I am a history buff, especially when it comes to our economic history. Well, one thing I have learned is the past is never dead, and there are always those who believe “yesterday” was somehow better than “today.” Nostalgia, even among educated economists, conveniently represses that which does not favor the halcyon days of long ago. As well, suggesting that our country move toward the “way things used to be” suggests ignorance of how the world has changed and how the sheer magnitude of that change makes it impossible to go back to “the good old days.”
The international monetary system set up at Bretton Woods in 1944 is on the verge of breaking down. It could still be saved by heroic measures, especially if these were taken in the United States. They would include an immediate slash in projected government expenditures, an immediate balancing of the budget, and a halt in any further increase in the stock of money.
Henry Hazlitt wrote the above in a Los Angeles Times editorial in March of 1969. He was then predicting that the U.S. would move off the gold standard, which would cause an inflationary collapse of the global economy. He was right about moving off the gold standard, but as far as the inflationary collapse, well, we are still here and inflation is not the big concern; deflation is the boogey man today. Hey, but who cares about facts. Let’s just go back to a time when a dollar had “true” monetary value, meaning physical gold backed it up.

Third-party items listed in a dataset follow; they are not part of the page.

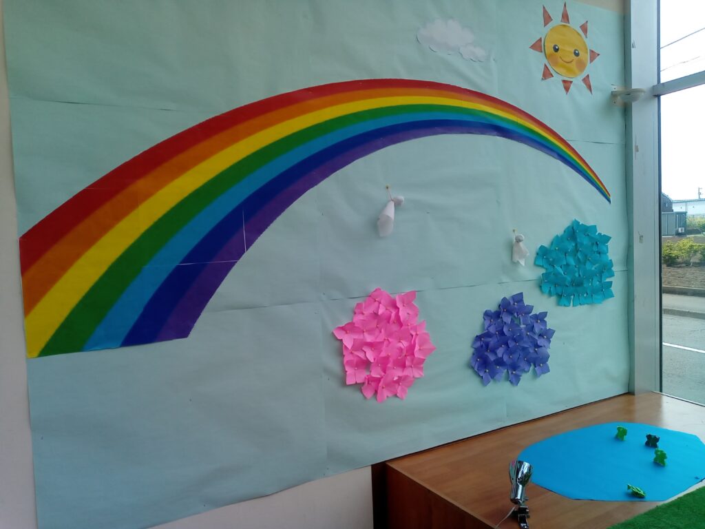 アジサイの花を社員みんなで折り紙を折って作りました。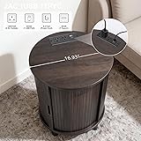 【Nightstand with Charging station】: This round side table is equipped with a built-in charging station, featuring 2 standard power outlets and USB & Type-C ports, allowing you to charge your phone, tablet, and other devices anytime. Whether placed in the bedroom, living room, or study, it easily meets the charging needs of multiple devices, making life more convenient. 【Perfect for Small Spaces】With its compact design and modern Round,this night stand with Sliding door in bedrooms, living rooms, dorms, or apartments. Use it as a bedside table, couch side table, or extra storage end table anywhere you need it 【Adjustable shelf and 4 solid wood legs】The fluted end table is designed with adjustable internal shelves, enabling you to customize the space layout according to item sizes freely. Whether it's books, remote controls, or personal trinkets, everything can be neatly stored, making it ideal for small items that need a designated spot. The wood legs ensure stability even on uneven floors. 【Sliding Roller Door Design】: Featuring a stylish sliding door with a groove design, this fluted side table offers easy access to hidden storage space while keeping dirt out. The smooth sliding door allows for effortless opening and closing, making it convenient to retrieve items without creating a mess. 【Easy to Assemble】This round end table (16.93“D x 23.62”H x 16.93"W)Clearly labeled parts, included tools, and step-by-step instructions make setup quick and frustration-free. You’ll have this sofa side table ready in no time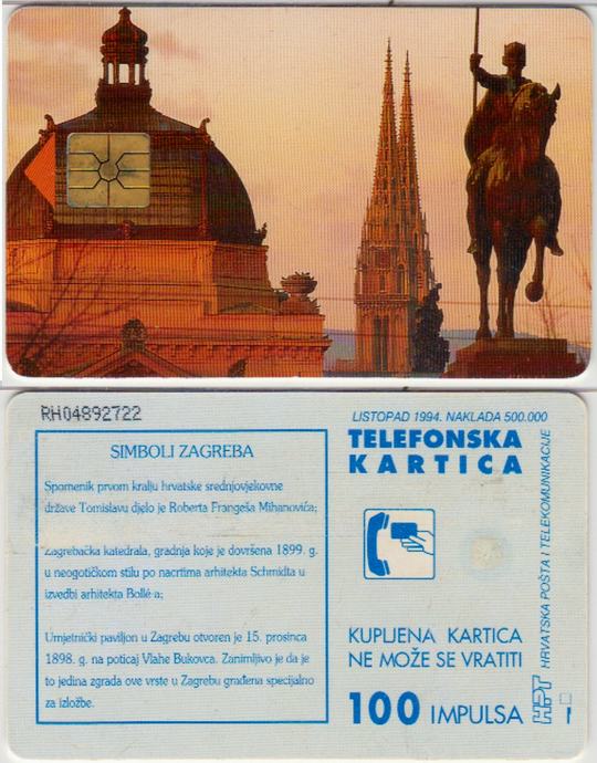 063 HRVATSKA CROATIA TEL.KARTICA SIMBOLI ZG II IZDANJE 1994 ČIP 2VT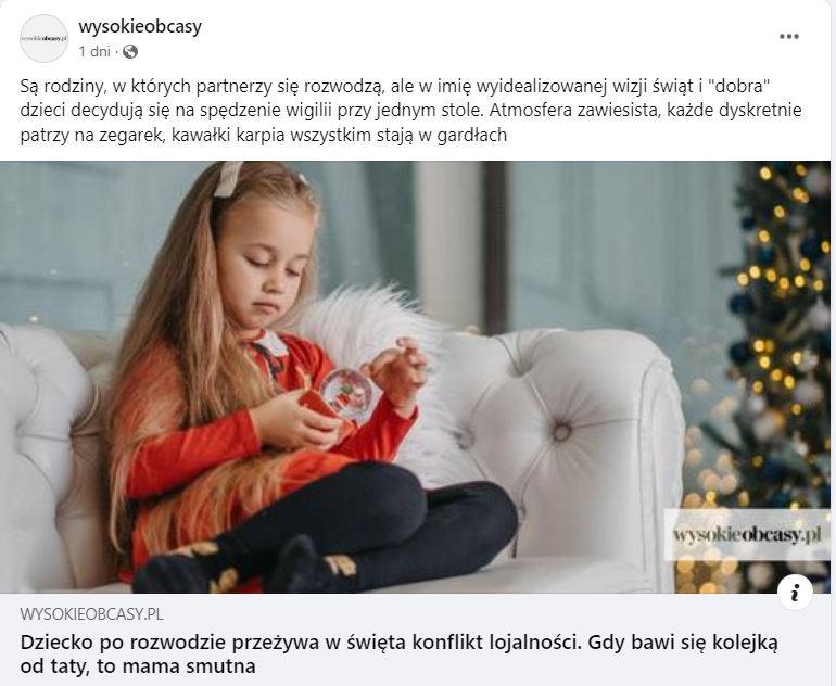 3) Wigilia to konflikt lojalności wywołany wyidealizowanym dobrem dzieci, kolejka od taty boli mamę. Natomiast rozwód dla dzieci to super przeżycie, przez resztę roku w wysokich obcasach promowane jako prosty sposób na odzyskanie samodzielności.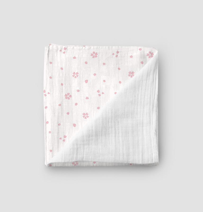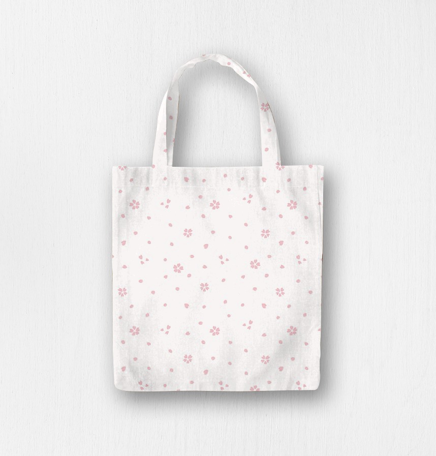 パターン説明 桜の花と花びらとドットを混ぜた水玉模様。花びらがひらひら舞い散るような春の桜パターン。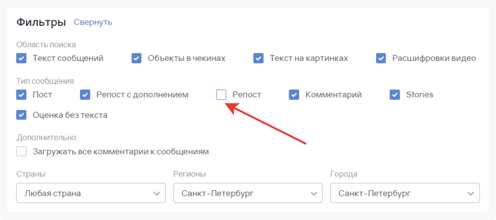 Как быстро обработать упоминания, которые тиражируют новостные площадки и социальные сети? Если это просто репост или перепечатка слово в слово, то их можно банально отсечь через настройку.Убираем репосты во вкладке «Редактирование темы» – снимаем галочку.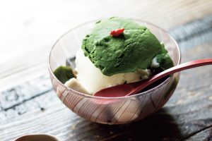上野公園内にある日本料理店『韻松亭(いんしょうてい)』の茶室で営業している甘味処。もとは和室の小上がりだった場所を喫茶室にしており、テーブルには船板を使用するなど、歴史ある雰囲気のなかでランチや甘いものが食べられる。人気メニューのひとつが、手づくりしている豆乳アイスと抹茶アイスがたっぷりとのったクリームあんみつ。優しい豆乳の甘みと濃い抹茶の風味に、もちもちした生麩や寒天、赤えんどう豆でアクセントを加えた、最後まで飽きずに美味しく味わえる一品となっている。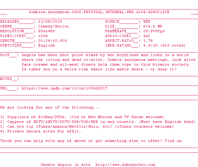 Y avez-vous pense ? Nous proposons déjà 1939 sous-titres pour le film Zombies Anonymous. Avez-vous essaye de voir si ces sous-titres etaient compatibles avec cette release ? On vous laisse le soin de tester cela pour nous et de contribuer au site en postant le sous-titre en cas de compatiblite constatee !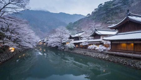 A picturesque Japanese village featuring snow-dusted traditional buildings and blooming cherry blossoms alongside a calm river with a bridge.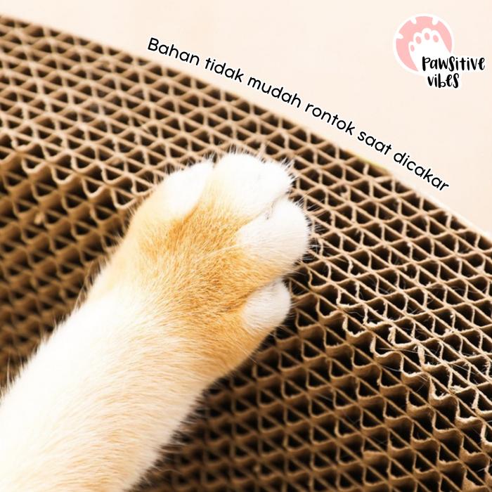 Bahan Kertas CorrugatedMaterial tebal dan bertekstur, sangat disukai kucing untuk menggaruk dan sangat tahan lama.

Earlier this week Thomas Hoenig, president of the Kansas City Federal Reserve, went out of his way to call the gold standard a “very legitimate monetary system.” In November, World Bank President Robert Zoellick and Indiana Republican Congressman Mike Pence both called for a serious look at using gold as the centerpiece of international monetary reform. The fact that a Fed leader, the highest-ranking American official in international economics, and a potential presidential candidate are talking up the gold standard indicates that floating money is running out of political cover, and that the obstacles to gold replacing it are narrowing.

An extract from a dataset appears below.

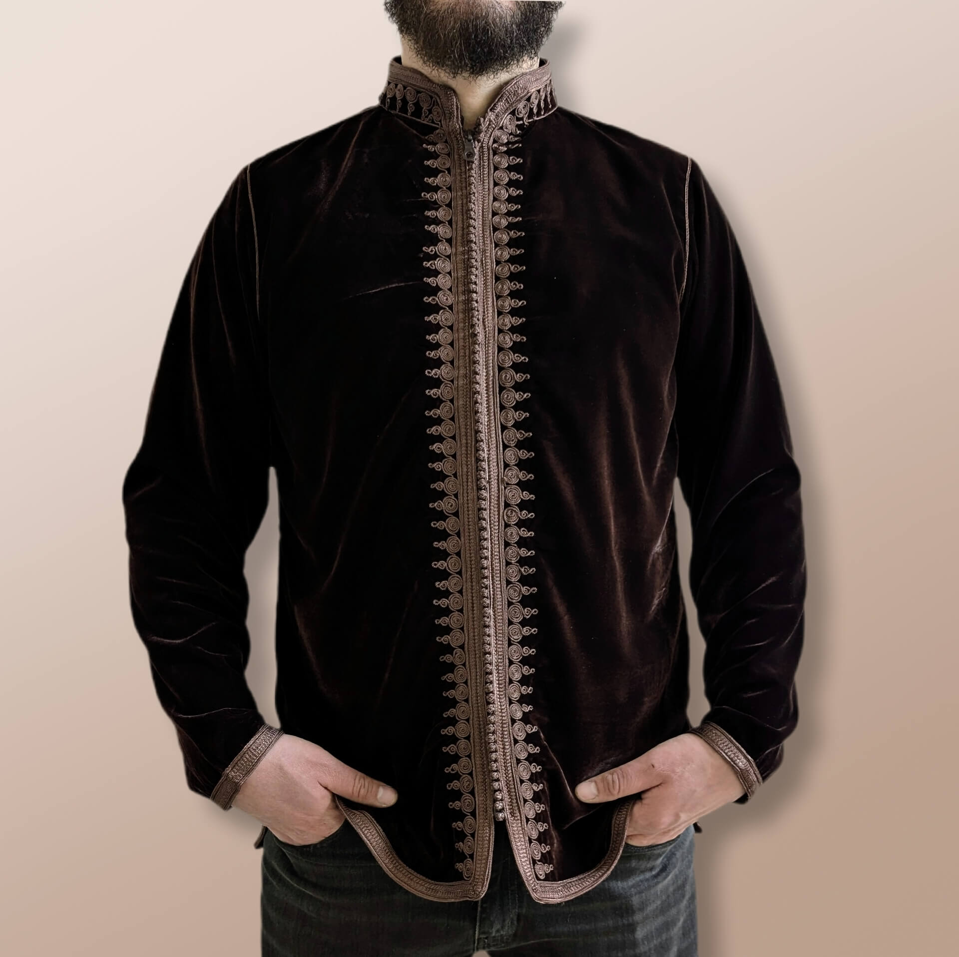 Op zoek naar een bijzonder kledingstuk dat stijl en comfort combineert? Deze fluwelen vest is een echte blikvanger! Met een prachtig sfiffa borduursel van boven tot onder, straalt deze vest klasse en vakmanschap uit. De handige rits maakt hem niet alleen stijlvol, maar ook praktisch in gebruik.

Hmmm … let’s see now. Today, the largest and most liquid market on the planet is forex. Countries, international banks, multinational corporations, hedge funds, money managers of all stripes, and more than a few folks trade forex. The lynchpin of the forex market is the U.S. dollar. Imagine for just one moment if the U.S. dollar were static. Imagine little if any speculation about the dollar movement related to other currencies. Imagine, for a moment, that physical gold is the reserve currency of a global economy that runs on the instantaneous transmission of information, a world that now sees physicals assets (of all kinds) as ethereal markers, never touched symbols of wealth, digital wealth, if you will. Yes, Imagine that …
Folks, in the 1930s, we were on the gold standard. Now that fact kept us from economic collapse, inflationary spirals, and massive debt, right? Folks, these are serious times and we need serious people to get our country and the world back on track. So, no more stupid talk; just get on with making it right within the context of the real world.